* _RECORDS FOR THIS TASK_:
== Segment start ==
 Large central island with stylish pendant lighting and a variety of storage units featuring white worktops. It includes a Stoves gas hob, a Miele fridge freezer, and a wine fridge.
== Segment end ==
== Segment start ==
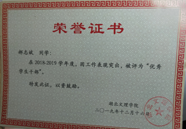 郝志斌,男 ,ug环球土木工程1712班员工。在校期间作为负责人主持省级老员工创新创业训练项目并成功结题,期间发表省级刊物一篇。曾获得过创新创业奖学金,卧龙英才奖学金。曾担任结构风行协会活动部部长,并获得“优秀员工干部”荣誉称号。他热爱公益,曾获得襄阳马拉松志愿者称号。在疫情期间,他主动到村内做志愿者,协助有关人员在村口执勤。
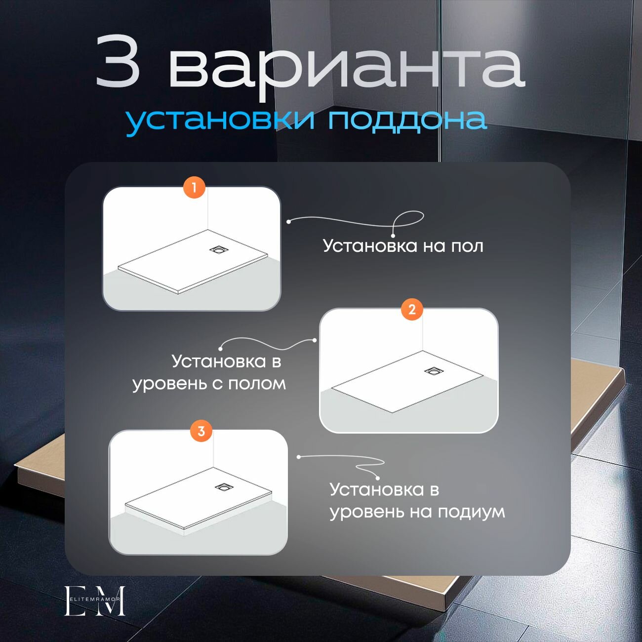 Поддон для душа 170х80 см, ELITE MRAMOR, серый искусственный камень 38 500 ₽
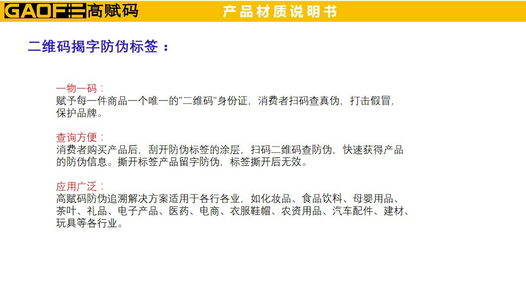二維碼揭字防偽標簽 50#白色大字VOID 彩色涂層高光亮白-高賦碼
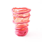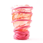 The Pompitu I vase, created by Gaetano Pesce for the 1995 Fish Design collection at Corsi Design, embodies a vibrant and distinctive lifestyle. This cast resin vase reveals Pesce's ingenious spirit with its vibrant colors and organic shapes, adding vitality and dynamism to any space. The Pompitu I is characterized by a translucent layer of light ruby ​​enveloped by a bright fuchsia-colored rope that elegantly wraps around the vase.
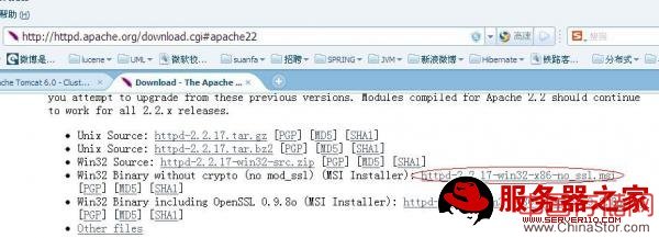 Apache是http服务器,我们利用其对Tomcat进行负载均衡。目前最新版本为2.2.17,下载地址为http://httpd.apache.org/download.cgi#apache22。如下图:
== Segment end ==
== Segment start ==
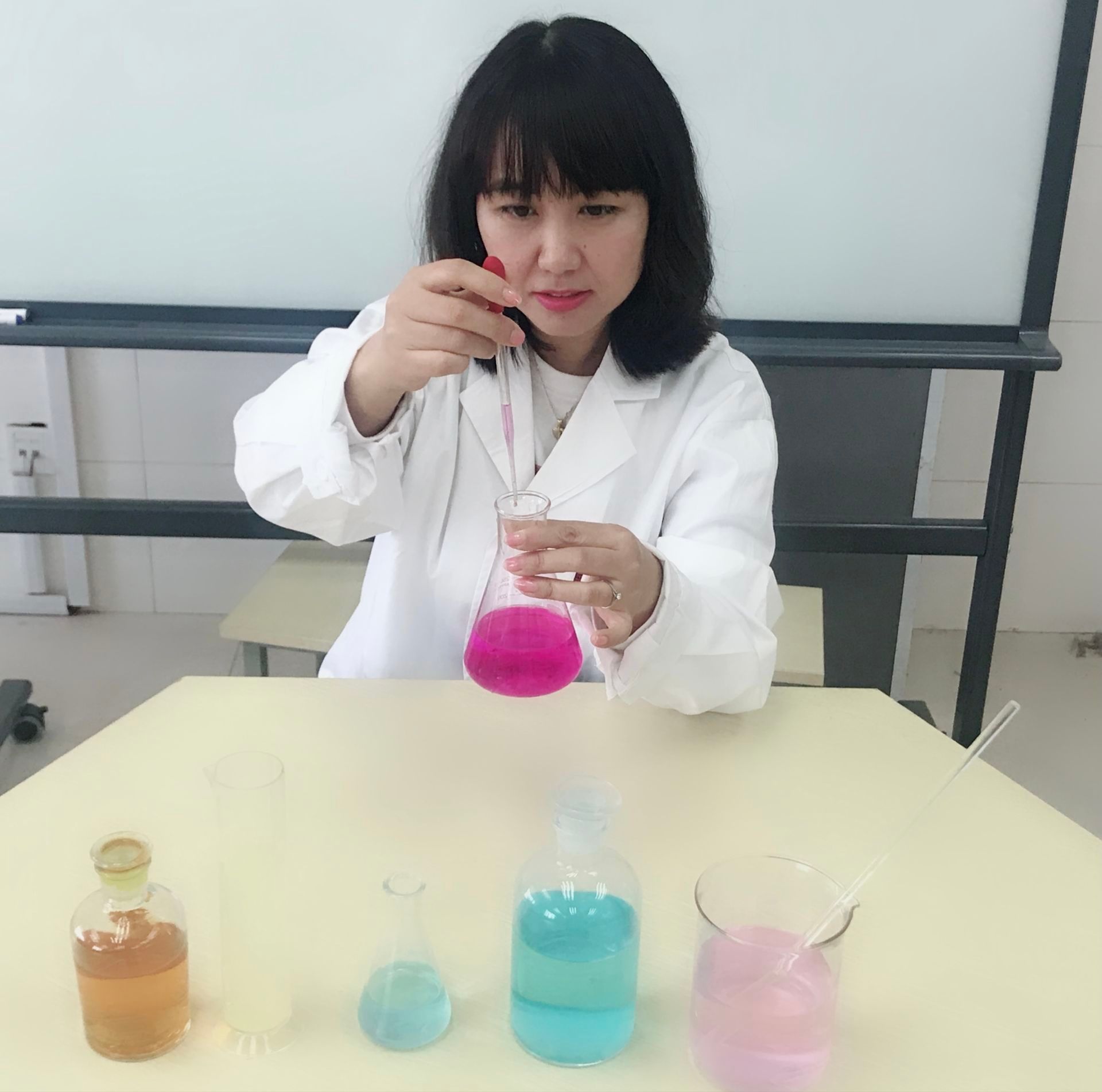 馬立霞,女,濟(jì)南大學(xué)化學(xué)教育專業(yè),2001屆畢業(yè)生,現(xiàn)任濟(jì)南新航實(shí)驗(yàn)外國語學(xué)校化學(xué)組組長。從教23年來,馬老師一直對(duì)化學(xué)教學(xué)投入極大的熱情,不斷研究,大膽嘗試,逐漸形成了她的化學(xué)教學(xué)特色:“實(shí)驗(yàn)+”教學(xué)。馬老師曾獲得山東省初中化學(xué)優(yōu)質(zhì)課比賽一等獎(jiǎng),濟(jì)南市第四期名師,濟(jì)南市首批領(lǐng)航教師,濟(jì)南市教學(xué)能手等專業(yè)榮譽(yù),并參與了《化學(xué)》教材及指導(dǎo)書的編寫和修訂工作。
== Segment end ==
* _ABOUT THIS EXERCISE_:
Using the entries above, repeat exactly the lines from the one with "郝志斌,男 ,ug环球土木工" to the one with "二維碼揭字防偽標簽 50#白色大字VOID 彩色涂層高光亮白-高賦碼", both included, and leave the pictures behind.

* _SOLVED EXERCISE_:
 郝志斌,男 ,ug环球土木工程1712班员工。在校期间作为负责人主持省级老员工创新创业训练项目并成功结题,期间发表省级刊物一篇。曾获得过创新创业奖学金,卧龙英才奖学金。曾担任结构风行协会活动部部长,并获得“优秀员工干部”荣誉称号。他热爱公益,曾获得襄阳马拉松志愿者称号。在疫情期间,他主动到村内做志愿者,协助有关人员在村口执勤。
 Поддон для душа 170х80 см, ELITE MRAMOR, серый искусственный камень 38 500 ₽
二維碼揭字防偽標簽 50#白色大字VOID 彩色涂層高光亮白-高賦碼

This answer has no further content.